— А почему нельзя было сделать это здесь? — спросила она, испугавшись тайной трахеотомии. — Разве где-то еще есть более интенсивная терапия, вроде дыхательного отделения?
Медбрат, признавший, что причина ему неведома, не удостоился похвалы за свою откровенность, а у Джин резко повысилось артериальное давление, когда она увидела, как ее отца ногами вперед катят обратно в его палату. Он, пепельно-бледный, пребывал без сознания — под воздействием наркоза, — и из открытого его вялого рта текли слюни, омывая голубую пластиковую трубку, выглядевшую так, словно он проглотил трубку для ныряния. Но в итоге всего Джин убедили, что, пусть это и жестоко, они, по крайней мере, действовали наконец так, как надо было, чтобы попытаться ему помочь. Насколько сам он это осознает, сказать никто не мог. Она рано покинула больницу, сама ощущая отчаянную нехватку воздуха и будучи убеждена, что он мерзнет день напролет. Она усядется на сверкающей слюдянистой стене и будет ждать, чтобы предупредить Филлис о трубке у папы, прежде чем та к нему поднимется, а затем сказать Ларри, куда ехать.
Несмотря на все беспокойство, Джин ждала ленча с нетерпением. Но где же они? В два часа те, что перекусывали на ступеньках, начали редеть, растекаясь обратно по этажам выстуженной башни.
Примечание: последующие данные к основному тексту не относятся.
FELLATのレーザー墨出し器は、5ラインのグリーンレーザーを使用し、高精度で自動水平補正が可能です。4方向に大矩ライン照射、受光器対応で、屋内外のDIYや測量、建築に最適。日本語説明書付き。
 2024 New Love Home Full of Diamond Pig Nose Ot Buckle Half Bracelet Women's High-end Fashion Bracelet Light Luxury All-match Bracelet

В четверть третьего люди приходили и уходили, но никто не сидел — только Джин, глядевшая на улицу с ее исходящим паром люком, этим весьма существенным знаком Нью-Йорка.
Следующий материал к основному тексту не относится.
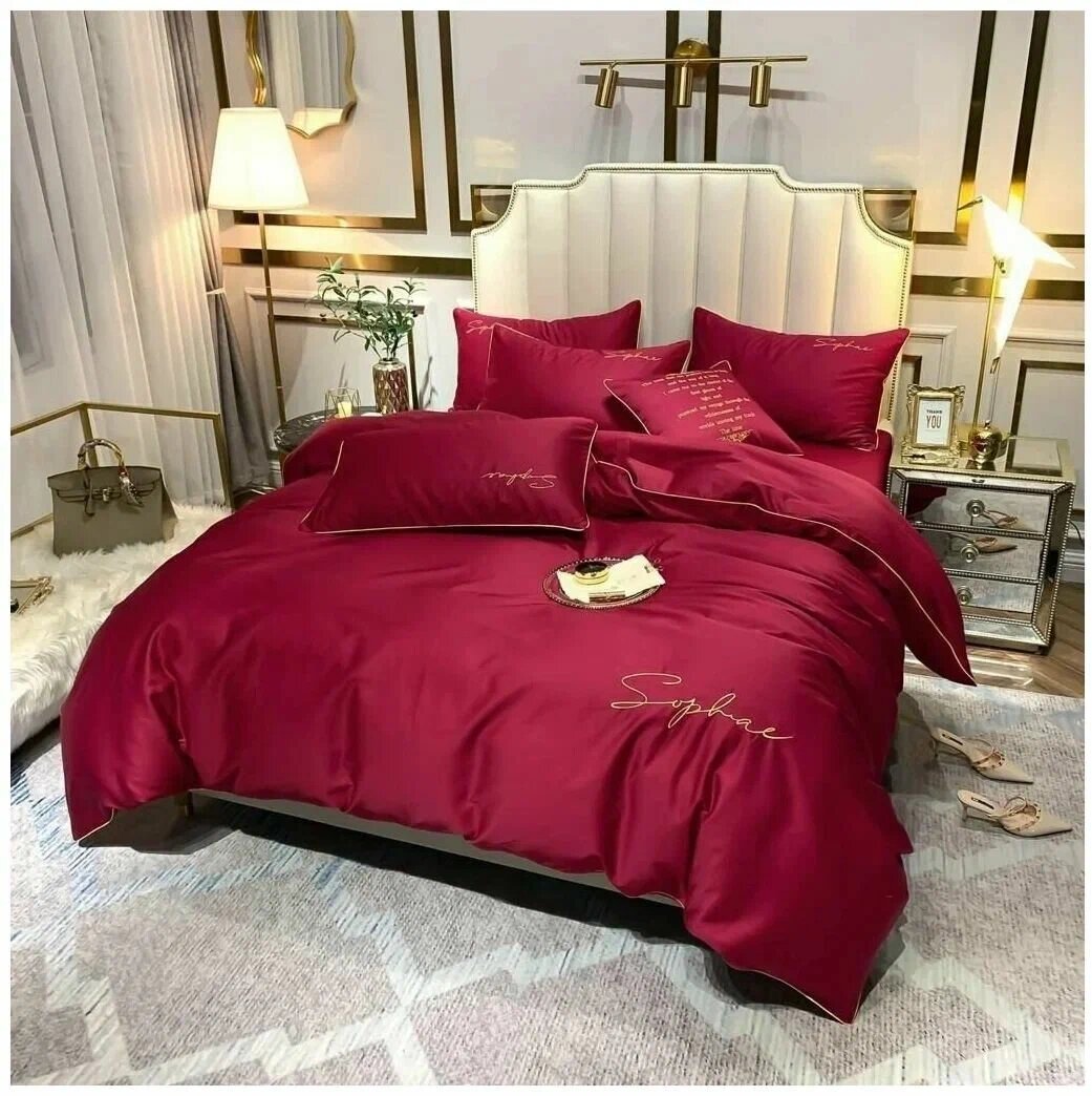 10 цен на Комплект постельного белья Mency Евро, Сатин, Красный
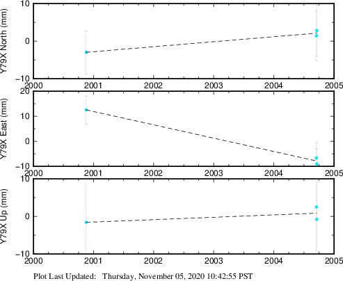These results are preliminary. The station positions are unchecked and should not be used for any engineering applications. There may be errors in the antenna heights. The velocities are very dependent on the length of the span of observations. The presence of outliers (errant observations) sometimes contaminates the velocities.

Люди, думала она, сложили пословицу: кто твои истинные друзья, ты познаешь в беде, в любой беде. Так кто же доводится истинными друзьями ей самой? Это был вопрос, которым в последние двадцать два месяца задавалась вся нация, а не одна только Джин. И сейчас, завороженная медленным подъемом и рассеиванием призрачных городских испарений, она вспоминала о дыме вокруг обрушившихся Башен-близнецов, по-прежнему поднимавшемся спустя месяц после атаки, — и как она ощутила тогда ту же беспомощную потребность, как и при этом посещении папы в больнице, вернуться домой, в Нью-Йорк, и как выглядело то, что она увидела через три недели после происшествия: огромный, исходящий паром, театрально освещенный люк, так живо напоминавший обо всей этой просеке в населении — о людях, обратившихся в пар.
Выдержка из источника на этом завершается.